TASK TO COMPLETE: Starting at the line that contains "This description wasn’t", return every line through the end of the data exactly, without pictures.
▽
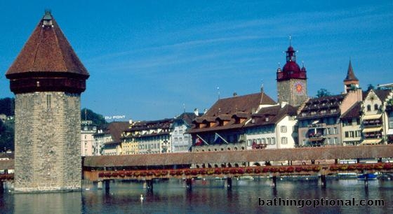 Luzern, one of Switzerlands most visited lake-side towns. Here, the famous wooden bridge stands intact following many fires over the centuries. Switzerland, Luzern - 09-Jul-03
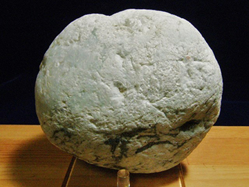 長崎県は日本中に10ヶ所ほどある翡翠発見地のひとつ。この産地のネフライトには貝が開けた穴のあるものがあります。写真の標本は255g, 約100x73x27mm
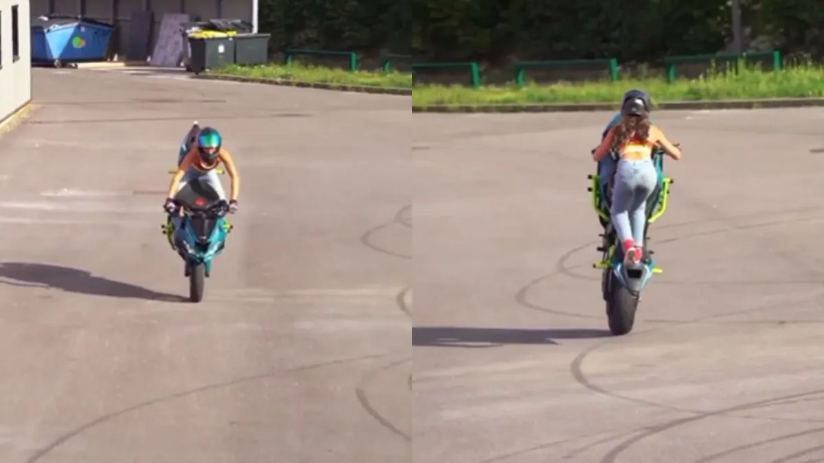बाइक स्टंट के वीडियो सोशल मीडिया पर अक्सर वायरल होते रहते हैं। कुछ लोग तो इतना खतरनाक स्टंट दिखाते है जिन्हें देखने के बाद जान हलक में आ जाती है। ऐसा ही एक लड़की का वीडियो वायरल हो रहा है जिसमें उसने बाइक से स्टंट का ऐसा खेल दिखाया कि लोगों की आंखें फटी की फटी रह गईं। वीडियो को देखने के बाद कई लोगों ने कहा कि उन्होंने आज तक ऐसा खतरनाक स्टंट नहीं देखा था। कई लोग तो इस बात से हैरान हैं कि ऐसी खतरनाक स्टंट कोई लड़की भी कर सकती है।
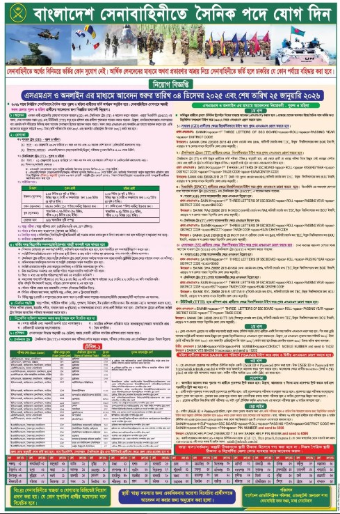 বাংলাদেশ সেনাবাহিনীতে ‘সৈনিক’ পদে জনবল নিয়োগ দেওয়া হবে। আগ্রহী প্রার্থীরা ২০২৬ সালের ২৫ জানুয়ারি পর্যন্ত এসএমএস ও অনলাইনের মাধ্যমে আবেদন করতে পারবেন। একজন প্রার্থী সাধারণ (জিডি) অথবা টেকনিক্যাল ট্রেড (টিটি) বিভাগে আবেদনের সুযোগ পাবেন।
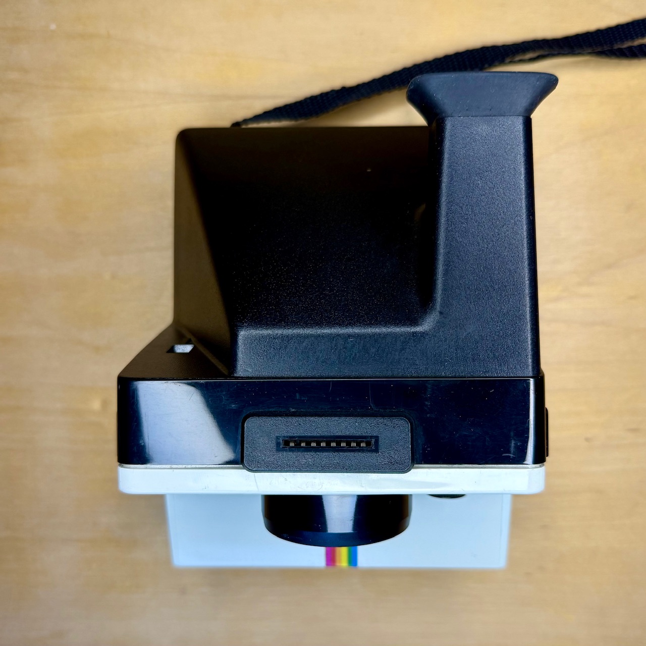 This description wasn’t written by with AI, but I love this camera from my personal collection so much that it might sound like some jerky AI spiel after I’m done. This camera is an icon. When someone says “Polaroid camera” most people over about 35 get an image of a cream boxy camera with a rainbow stripe on it. If you remember Instagram for the first half decade of its miserable continuing existence, then you remember App icons showing a square camera with a rainbow stripe on it. This is that camera. Even the typeface used for the 1000’s model number, and the product name on the optional Polatronic flash, look as near as damnit to a perfectly 70’s sci-fi font that you will know called ‘Data 70’ by Bob Newman.
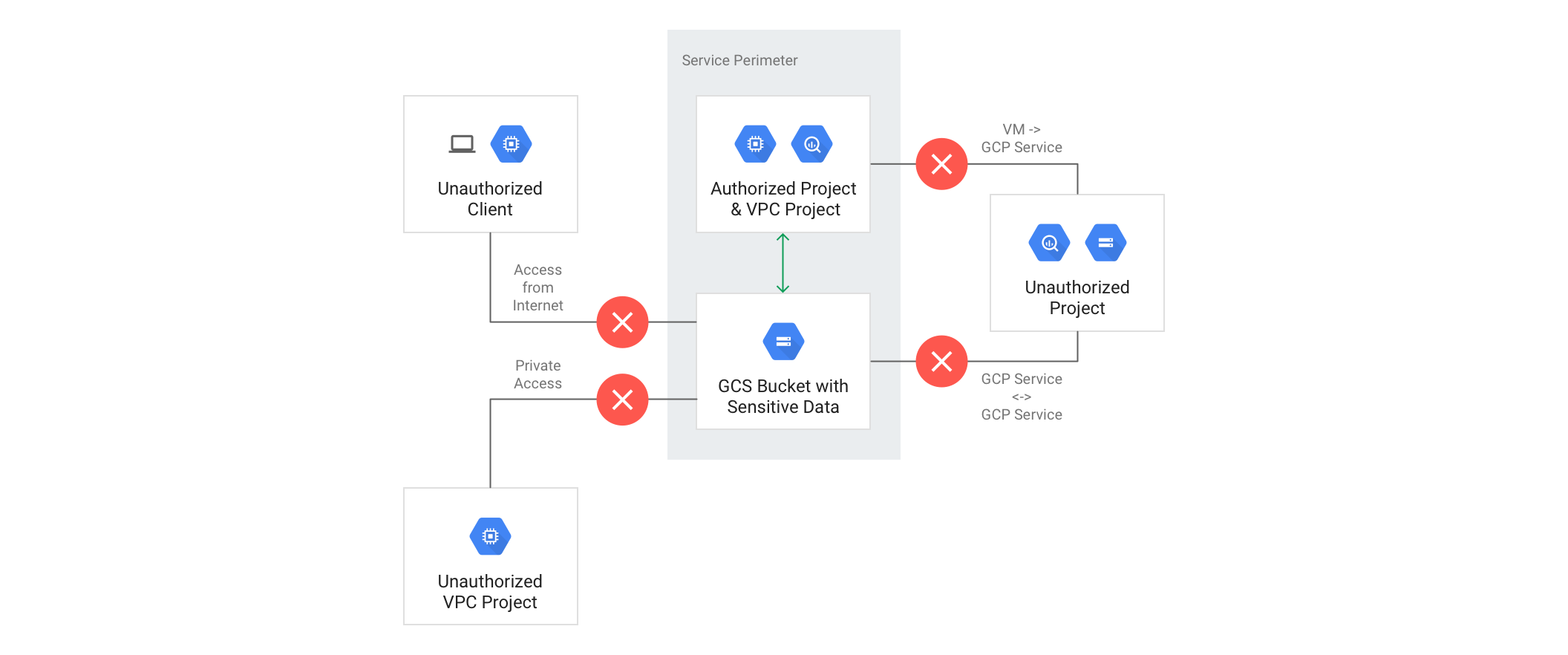 • Controles de Servicio de VPC no permite que una VM de una red de VPC que se encuentre dentro de un perímetro de servicio acceda a segmentos de Cloud Storage que estén fuera del perímetro.
△
WRITTEN RESPONSE:
 This description wasn’t written by with AI, but I love this camera from my personal collection so much that it might sound like some jerky AI spiel after I’m done. This camera is an icon. When someone says “Polaroid camera” most people over about 35 get an image of a cream boxy camera with a rainbow stripe on it. If you remember Instagram for the first half decade of its miserable continuing existence, then you remember App icons showing a square camera with a rainbow stripe on it. This is that camera. Even the typeface used for the 1000’s model number, and the product name on the optional Polatronic flash, look as near as damnit to a perfectly 70’s sci-fi font that you will know called ‘Data 70’ by Bob Newman.
 • Controles de Servicio de VPC no permite que una VM de una red de VPC que se encuentre dentro de un perímetro de servicio acceda a segmentos de Cloud Storage que estén fuera del perímetro.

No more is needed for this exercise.